*WHAT THE TASK ASKS*: Begin your copy at the line with "6月26日,bwin·必赢(中国区)官方" in the records below and end it at the line with "TARBES (Hautes Pyrénées)", restating each line word for word; omit the pictures.

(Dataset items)
════════════════════
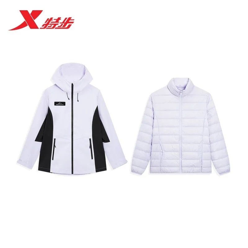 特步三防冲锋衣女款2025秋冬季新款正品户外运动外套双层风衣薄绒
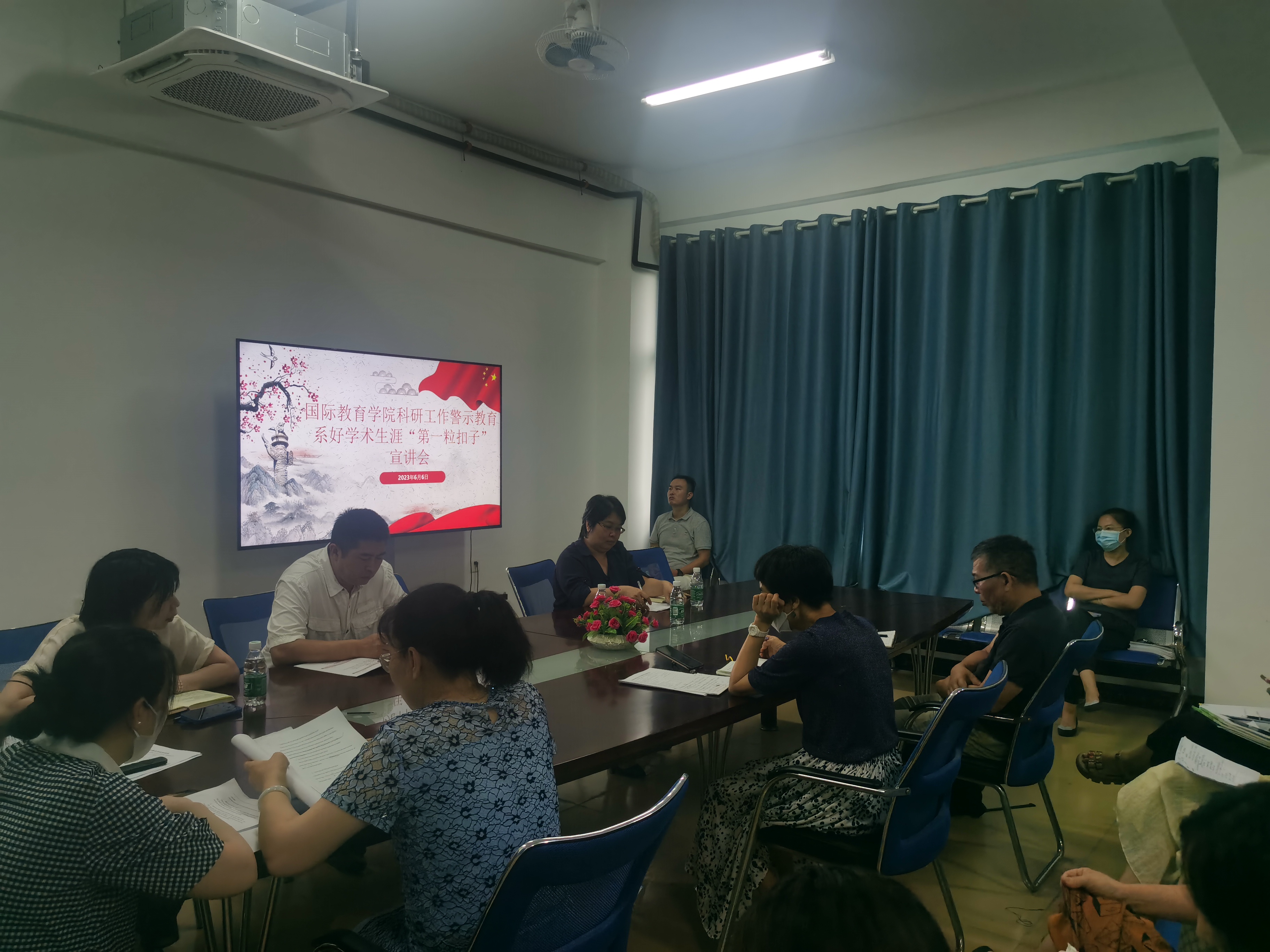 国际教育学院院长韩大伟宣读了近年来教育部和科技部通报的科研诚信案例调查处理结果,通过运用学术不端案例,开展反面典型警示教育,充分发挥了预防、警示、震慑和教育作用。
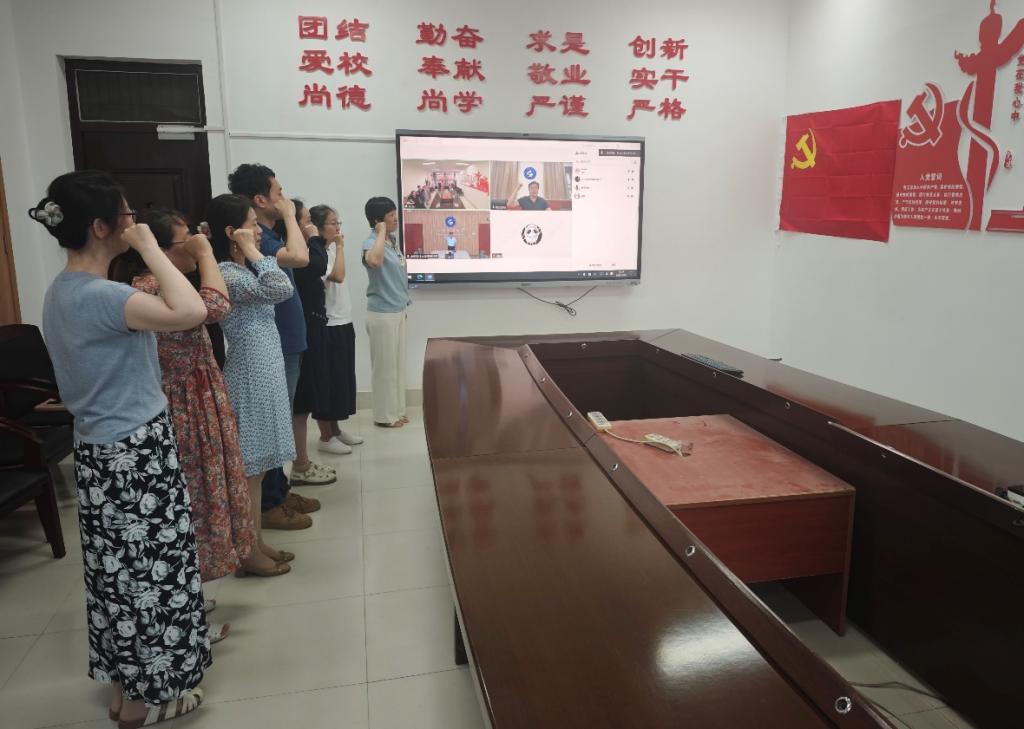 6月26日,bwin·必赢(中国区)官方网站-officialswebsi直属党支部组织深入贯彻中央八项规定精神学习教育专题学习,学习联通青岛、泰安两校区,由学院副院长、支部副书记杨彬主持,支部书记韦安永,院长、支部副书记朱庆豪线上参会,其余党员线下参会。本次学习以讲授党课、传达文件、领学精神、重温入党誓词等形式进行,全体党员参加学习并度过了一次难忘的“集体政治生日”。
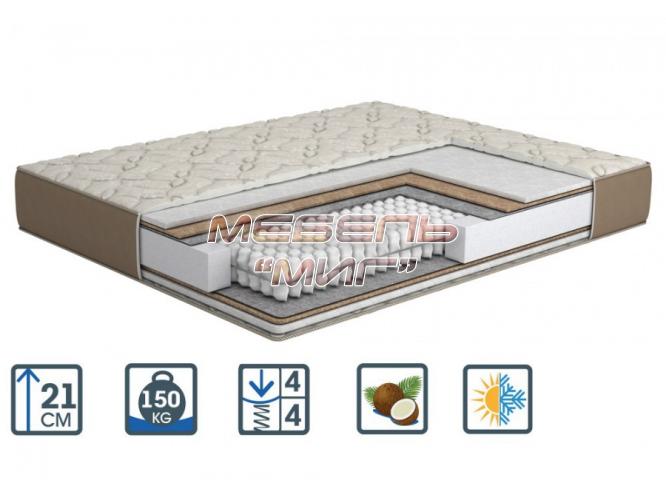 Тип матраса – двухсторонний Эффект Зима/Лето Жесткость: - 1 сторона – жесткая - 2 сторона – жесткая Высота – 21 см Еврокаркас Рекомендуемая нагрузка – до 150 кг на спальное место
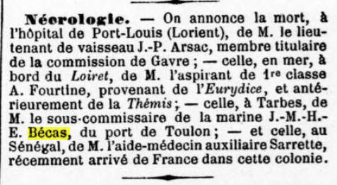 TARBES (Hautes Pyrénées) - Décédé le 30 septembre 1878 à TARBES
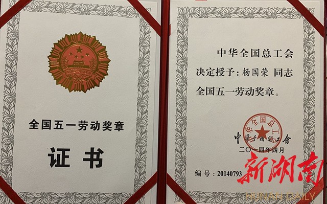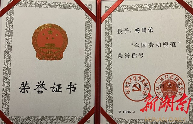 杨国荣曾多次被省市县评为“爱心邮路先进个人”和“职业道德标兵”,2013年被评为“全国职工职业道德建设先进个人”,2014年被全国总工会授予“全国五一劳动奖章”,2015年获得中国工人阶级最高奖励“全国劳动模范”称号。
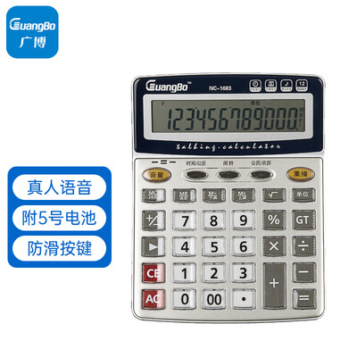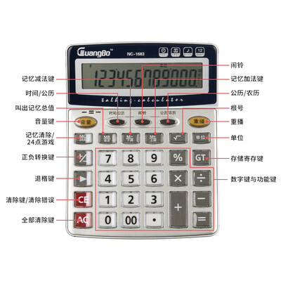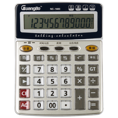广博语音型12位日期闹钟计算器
════════════════════
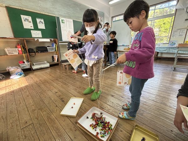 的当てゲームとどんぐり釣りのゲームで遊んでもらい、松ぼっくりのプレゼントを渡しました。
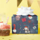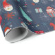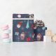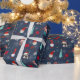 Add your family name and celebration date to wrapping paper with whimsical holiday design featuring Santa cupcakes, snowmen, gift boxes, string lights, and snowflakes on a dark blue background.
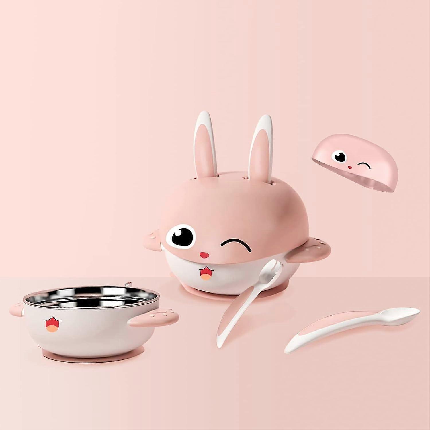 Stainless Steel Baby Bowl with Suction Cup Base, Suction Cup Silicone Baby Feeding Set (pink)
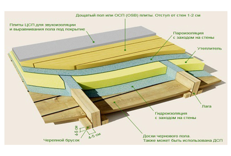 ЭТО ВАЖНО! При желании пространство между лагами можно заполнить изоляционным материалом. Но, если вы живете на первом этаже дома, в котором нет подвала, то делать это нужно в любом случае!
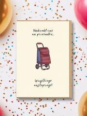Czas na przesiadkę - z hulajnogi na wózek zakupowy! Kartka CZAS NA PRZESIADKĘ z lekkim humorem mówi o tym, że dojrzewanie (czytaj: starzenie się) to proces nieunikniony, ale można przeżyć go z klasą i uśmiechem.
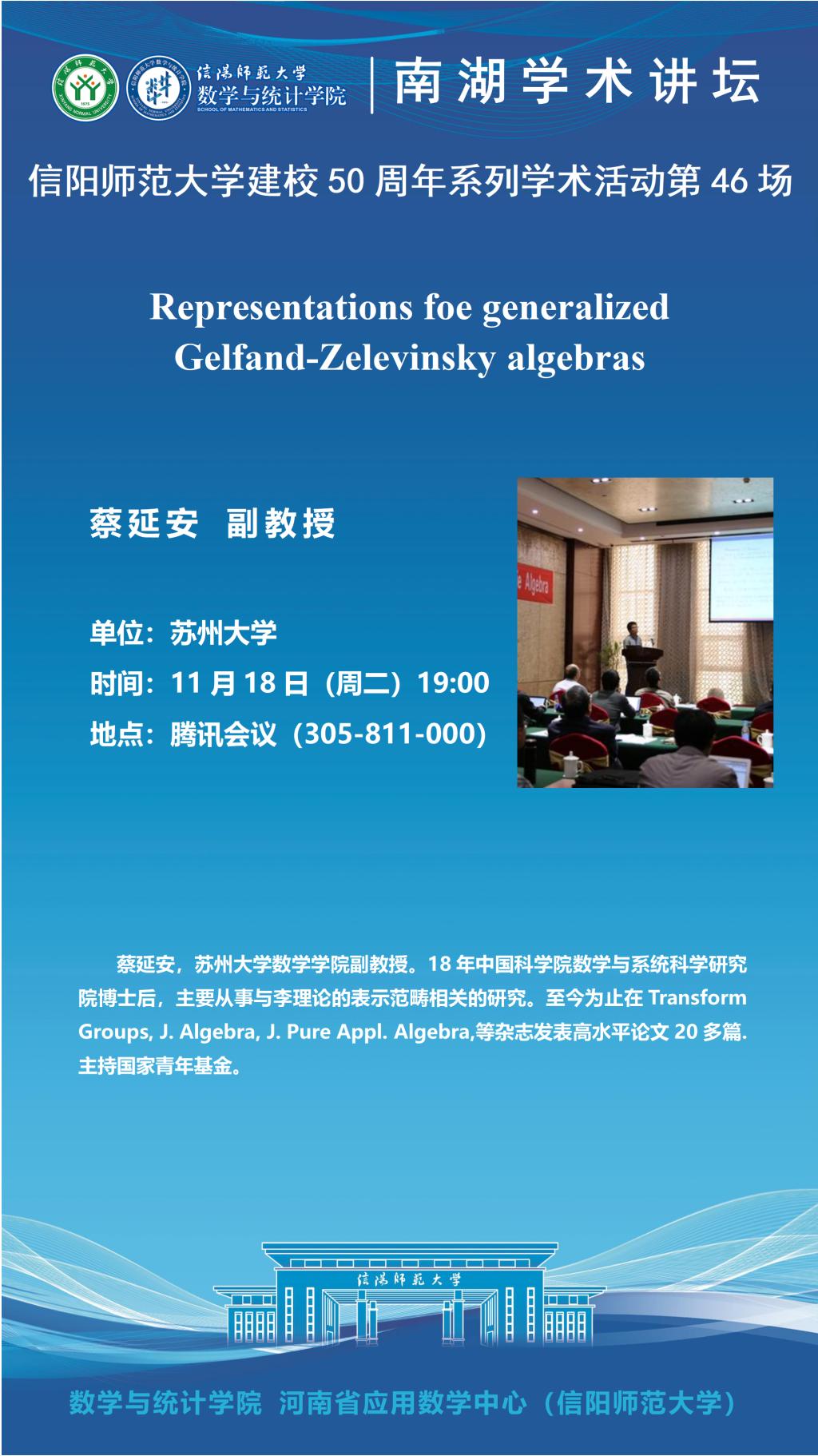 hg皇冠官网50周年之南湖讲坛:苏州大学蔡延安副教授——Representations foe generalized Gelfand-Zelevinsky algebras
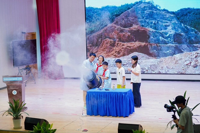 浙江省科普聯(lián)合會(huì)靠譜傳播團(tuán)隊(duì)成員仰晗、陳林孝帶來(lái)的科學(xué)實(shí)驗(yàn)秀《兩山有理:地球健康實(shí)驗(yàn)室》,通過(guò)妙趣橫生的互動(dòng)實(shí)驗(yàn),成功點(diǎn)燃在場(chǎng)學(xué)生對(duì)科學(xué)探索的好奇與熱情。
════════════════════
*SOLUTION TO THE EXERCISE*:
 6月26日,bwin·必赢(中国区)官方网站-officialswebsi直属党支部组织深入贯彻中央八项规定精神学习教育专题学习,学习联通青岛、泰安两校区,由学院副院长、支部副书记杨彬主持,支部书记韦安永,院长、支部副书记朱庆豪线上参会,其余党员线下参会。本次学习以讲授党课、传达文件、领学精神、重温入党誓词等形式进行,全体党员参加学习并度过了一次难忘的“集体政治生日”。
 Тип матраса – двухсторонний Эффект Зима/Лето Жесткость: - 1 сторона – жесткая - 2 сторона – жесткая Высота – 21 см Еврокаркас Рекомендуемая нагрузка – до 150 кг на спальное место
 TARBES (Hautes Pyrénées) - Décédé le 30 septembre 1878 à TARBES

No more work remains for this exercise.